* **Exercise instructions**: Set down, please, the line that contains "Bicicletta da bimba, 16’’" and every line that follows it to the end of the records, exactly; do not include pictures.

-- Records provided follows --

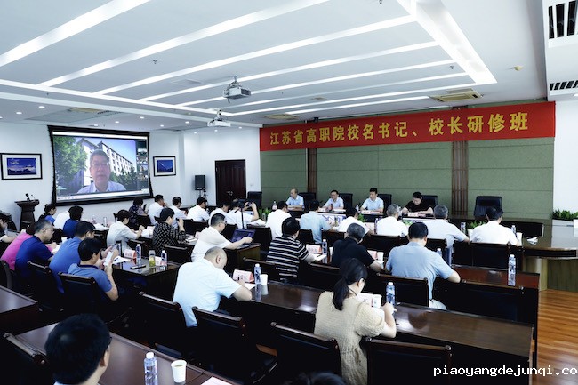 8月12日,“江苏省高职院校名书记、校长教育教学成果培育专题研修班”在我校顺利开班。教育部教师工作司副司长黄小华,江苏省教育厅副厅长、党组成员潘漫,江苏省教育厅教师工作处处长张卫星,学校党委副书记、校长谢永华,党委常委、副校长霍雄飞以及来自江苏省高职院校的30位党委书记、校长出席开班仪式。开班仪式由张卫星处长主持。
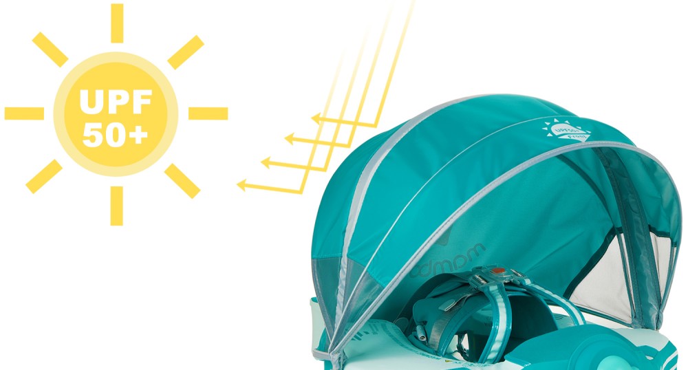 HECCEI Mambobaby Float comes with a removable canopy. The removable assemble UV-PROOF canopy sun canopy covered with UPF 50+ sunscreen coating protects baby’s skin away from the sun.
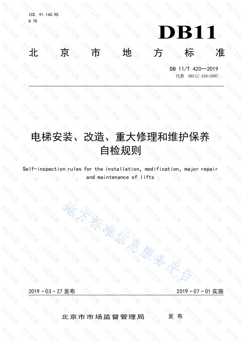 ICS91.140.90078北京市地方标准DB11/T420-2019代替DB11/420-2007电梯安装、改造、重大修理和维护保养自检规则Self-inspection rules forthe installation,modification,majorrepairand maintenance方方地方标准信息服务平方万万方文方2019-03-27发布2019-07-01实施北京市市场监督管理局发布方方方方方方方万文方库万文方方DB11/T420-2019次前言范围自检条件及检验检测仪器3自检要求流程要求5报告书编制要求6安全要求附录A(规范性附录)自检检验检测仪器设备附录B(规范性附录)电梯监督检验自检报告书一有机房曳引驱动电梯附录C(规范性附录)电梯监督检验自检报告书一无机房曳引驱动电梯35附录D(规范性附录)电梯监督检验自检报告书一自动扶梯与自动人行道65附录E(规范性附录)液压电梯监督检验自检报告书80附录F(规范性附录)杂物电梯监督检验自检报告书100附录G(规范性附录)曳引驱动电梯定期检验自检报告书113附录H(规范性附录)电梯定期检验自检报告书一自动扶梯与自动人行道131附录I(规范性附录)液压电梯定期检验自检报告书143附录J(规范性附录)杂物电梯定期检验自检报告155参考文献164方标准信息服务平万万文万文
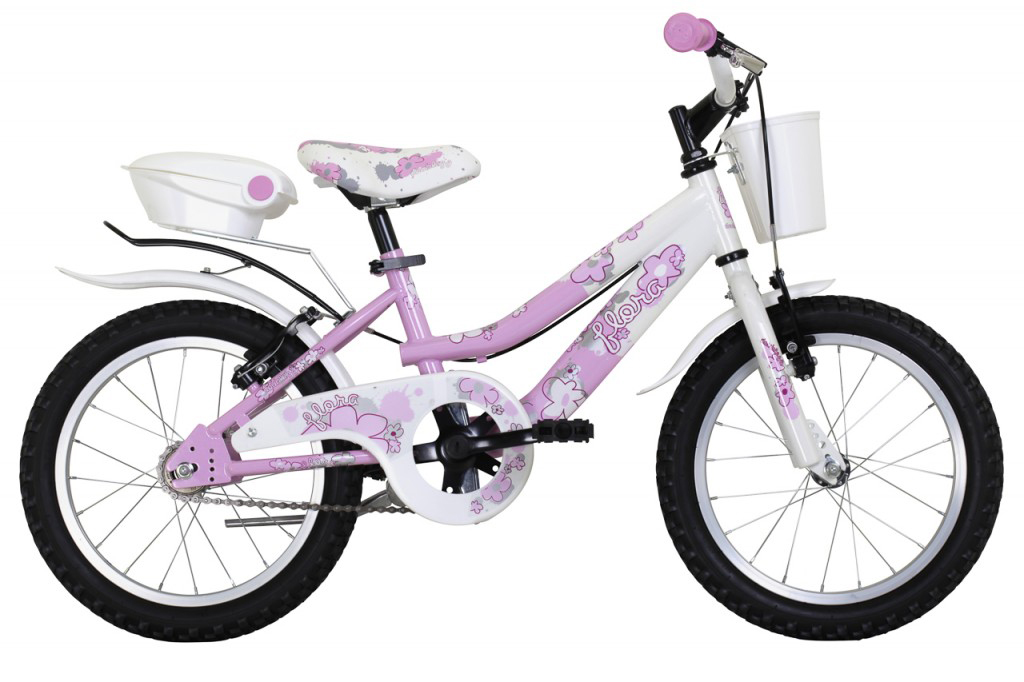 Bicicletta da bimba, 16’’ completa di cestino anteriore, bauletto posteriore, carter copricatena, cerchi e freni v-brake in alluminio, telaio predisposto per stabilizzatori laterali e cavalletto laterale in alluminio
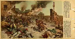 ![]() Японское пропагандистское укиё-э «Полковник Сато штурмует укрепления Нючжуана» | |||
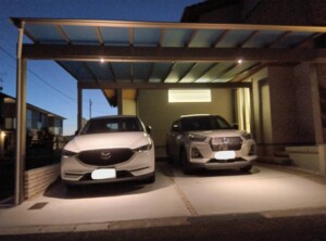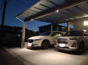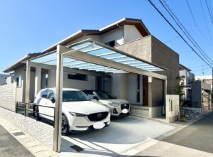 カーポートは、三協スカイリードを使用しており、梁延長タイプにした事により
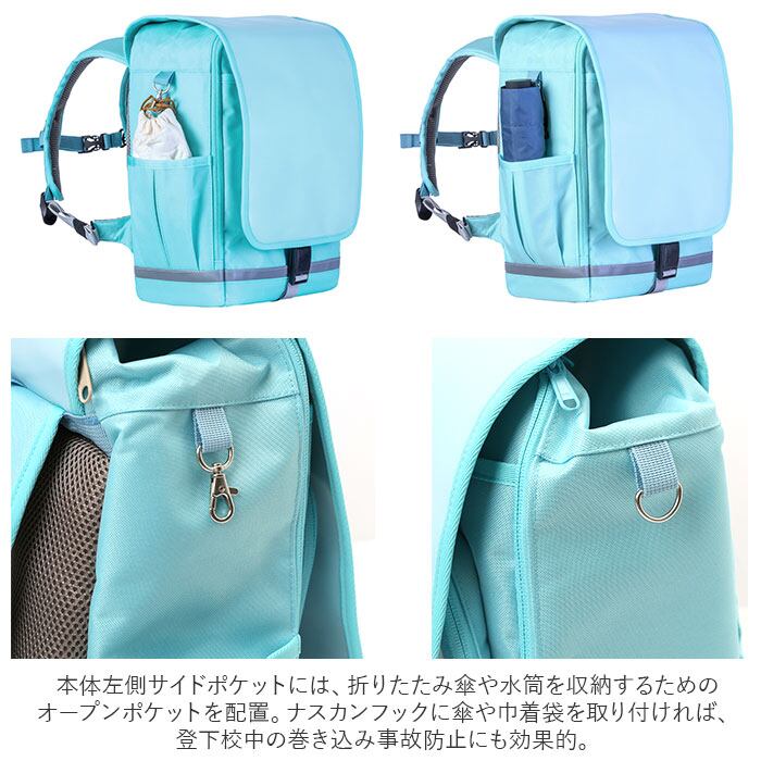 ・左側サイドポケットには折り畳み傘や水筒を収納するためのオープンポケットを配置。ナスカンに傘や巾着袋を取り付ければ、登下校中の巻込み事故も防止!
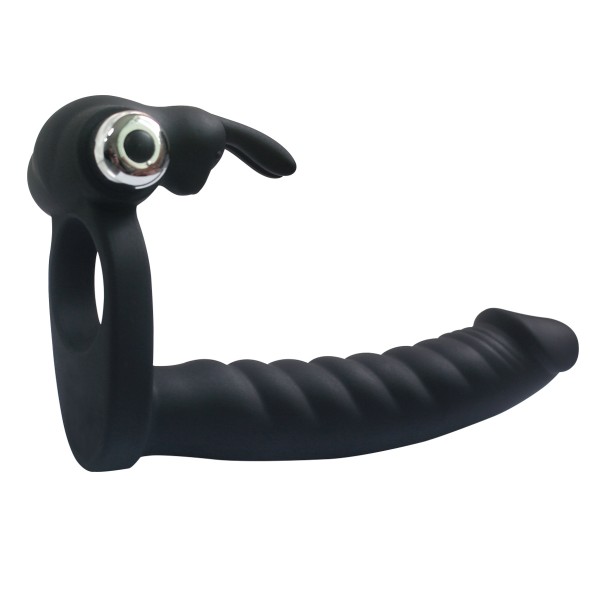Насадка с кольцом, при помощи которого фиксируется на половом члене мужчины! Клиторальный стимулятор с милым зайкой обещает самую волнительную стимуляцию клитора, в то время как женщина ощутит полную заполненность вагины и ануса, одновременно!

-- Records provided concluded --

* **Response area**:
 Bicicletta da bimba, 16’’ completa di cestino anteriore, bauletto posteriore, carter copricatena, cerchi e freni v-brake in alluminio, telaio predisposto per stabilizzatori laterali e cavalletto laterale in alluminio
 ![]() Японское пропагандистское укиё-э «Полковник Сато штурмует укрепления Нючжуана» | |||
 カーポートは、三協スカイリードを使用しており、梁延長タイプにした事により
 ・左側サイドポケットには折り畳み傘や水筒を収納するためのオープンポケットを配置。ナスカンに傘や巾着袋を取り付ければ、登下校中の巻込み事故も防止!
Насадка с кольцом, при помощи которого фиксируется на половом члене мужчины! Клиторальный стимулятор с милым зайкой обещает самую волнительную стимуляцию клитора, в то время как женщина ощутит полную заполненность вагины и ануса, одновременно!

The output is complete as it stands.